Never mind that appeals to the “equitable” in global relations are usually anti-Americanism dressed up in progressive finery; what exactly is this history to which the author points? Mr. Acharya’s framing of international relations is culturally resentful (call it the chip-on-the-shoulder school of IR). He’s indignant that non-Western peoples and civilizations are not given sufficient credit for their role in the emergence of “core elements of the existing world order.” Any claim that the principles that undergird the world order today are largely Western is, he believes, hubristic. Notions of republican government, due process and protections against torture, personal and property rights, humanitarian laws of war, and the freedom of the high seas, can all be traced back—in some way, he strains to tell us—to Sumerian, Egyptian, Persian, Indian, Chinese, Islamic, African and Native American peoples and civilizations, and not only to the Western world.

He’s particularly resentful of the status accorded “in the Western mind” to ancient Greece (and Rome) as the source and origin of contemporary liberal-democratic life. Greece, he writes, is “the most mythicized of the ancient cultures,” treated much too deferentially by Western historians who ignore its (and Rome’s) many flaws. But even Mr. Acharya cannot deny that the Greeks pioneered self-government. The Romans followed suit. The modern West has improved on their achievements. That is something to be treasured.

Besides, in knocking myth-making, he gets an important political point wrong: All cultural traditions (yes, even India’s, China’s and the Islamosphere’s) hark back consciously to a time and place of origin, however inexact or mythological. The West’s foundational myths tend to be more scientific than most, supported as they are by archaeological and historical evidence. But since all things pertaining to the West must be attacked in the name of equity, Mr. Acharya dedicates many pages to a quixotic disparagement of the Greek and Roman roots of our heritage. Of Greece, he never tires of telling us that Western culture “understates both its dark sides and its indebtedness” to Egypt, Mesopotamia and Persia. So ancient Greece was syncretic—who denies that?
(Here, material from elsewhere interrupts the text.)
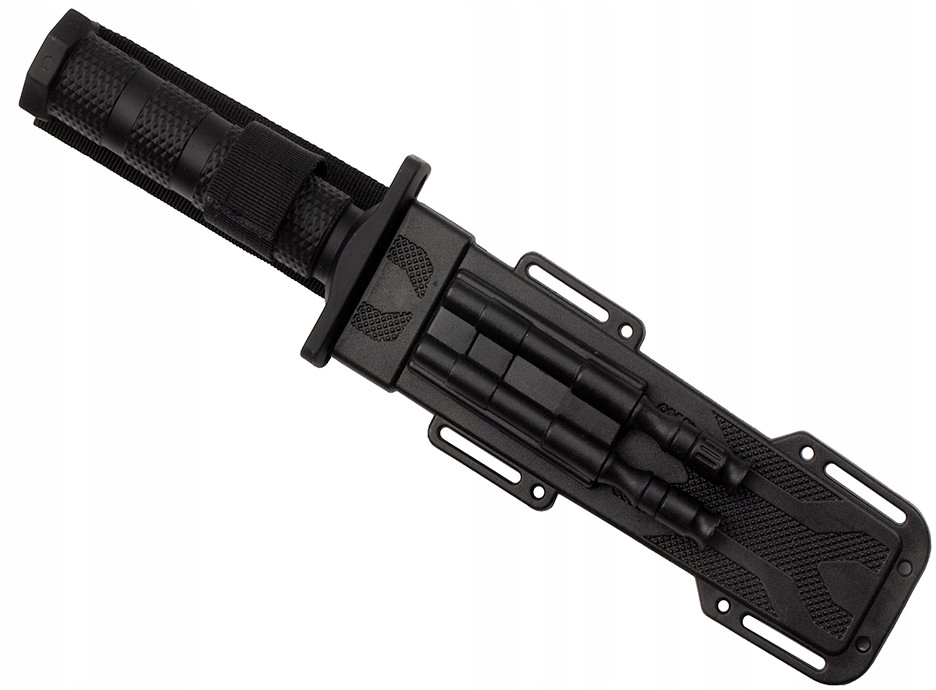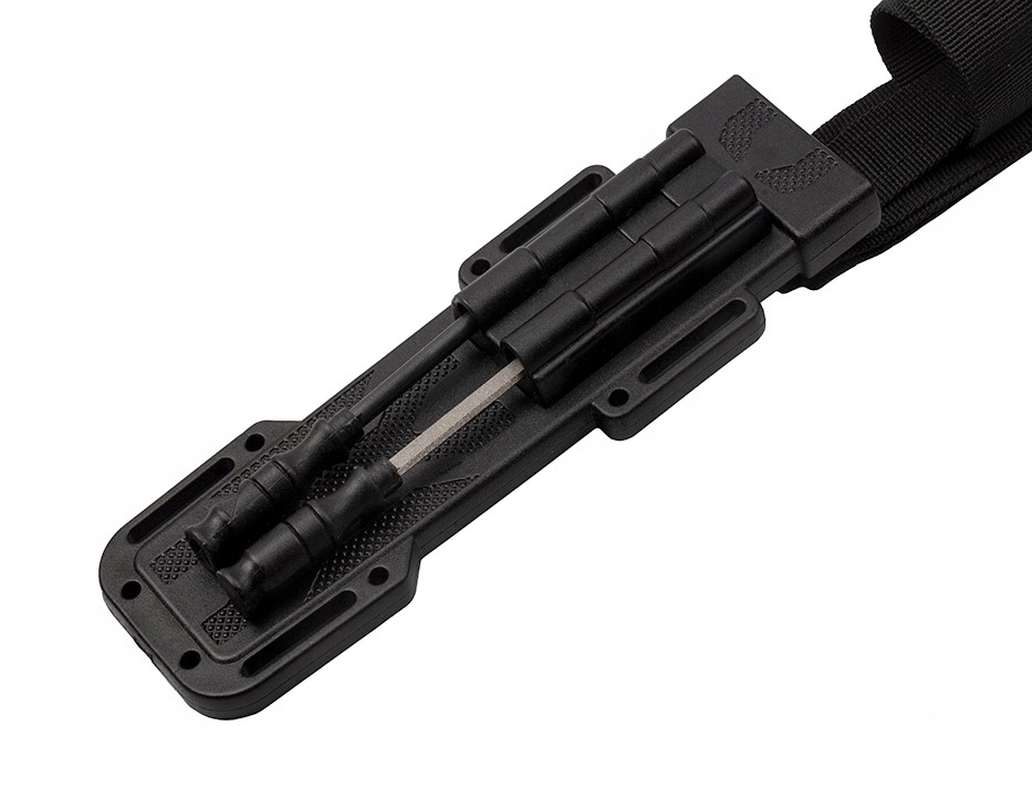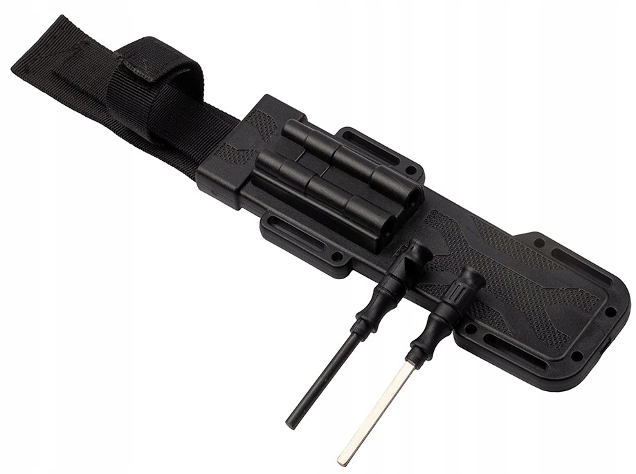 Багатофункціональні піхви містять розпалювач вогню з сигнальним свистком і невелика точилка, за допомогою якої можна легко заточити ніж за будь-яких обставин.

The post-Western order, he tells us, will not be a multipolar world where a handful of powers shape international security. Instead, we’re going to be blessed with a “global multiplex,” of which he gives us a definition that is pure waffle, progressive pablum of an almost breathtaking kind. The multiplex is a state of affairs in which “large, medium, and some innovative smaller nations, as well as people acting through governments, companies, and civil groups powered by social media and employing new forms of interdependence and interactions will shape world order.” For all this to happen, Western nations will, of course, “need to take ownership of their racist colonialism” in the global South, to abase themselves and—presumably—make material reparations.
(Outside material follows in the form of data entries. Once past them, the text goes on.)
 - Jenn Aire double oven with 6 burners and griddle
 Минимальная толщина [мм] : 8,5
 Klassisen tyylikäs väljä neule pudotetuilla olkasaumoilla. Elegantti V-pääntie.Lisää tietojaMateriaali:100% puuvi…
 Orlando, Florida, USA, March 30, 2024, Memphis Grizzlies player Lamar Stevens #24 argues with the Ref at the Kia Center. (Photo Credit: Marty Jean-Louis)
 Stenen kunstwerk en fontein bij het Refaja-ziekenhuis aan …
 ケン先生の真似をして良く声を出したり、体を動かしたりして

Once that’s done, our ugly world will become a global Eden—almost prelapsarian in its sweetness—in which the violence of colonialism and racism, of inequality and slavery, of Western triumphalism and self-aggrandizement, withers away to extinction and we all live together happily ever after.

Someone should tell Iran’s Ayatollah Ali Khamenei about this New World Order. His reaction would be fascinating to record.

Mr. Varadarajan, a Journal contributor, is a fellow at the American Enterprise Institute and at New York University Law School’s Classical Liberal Institute.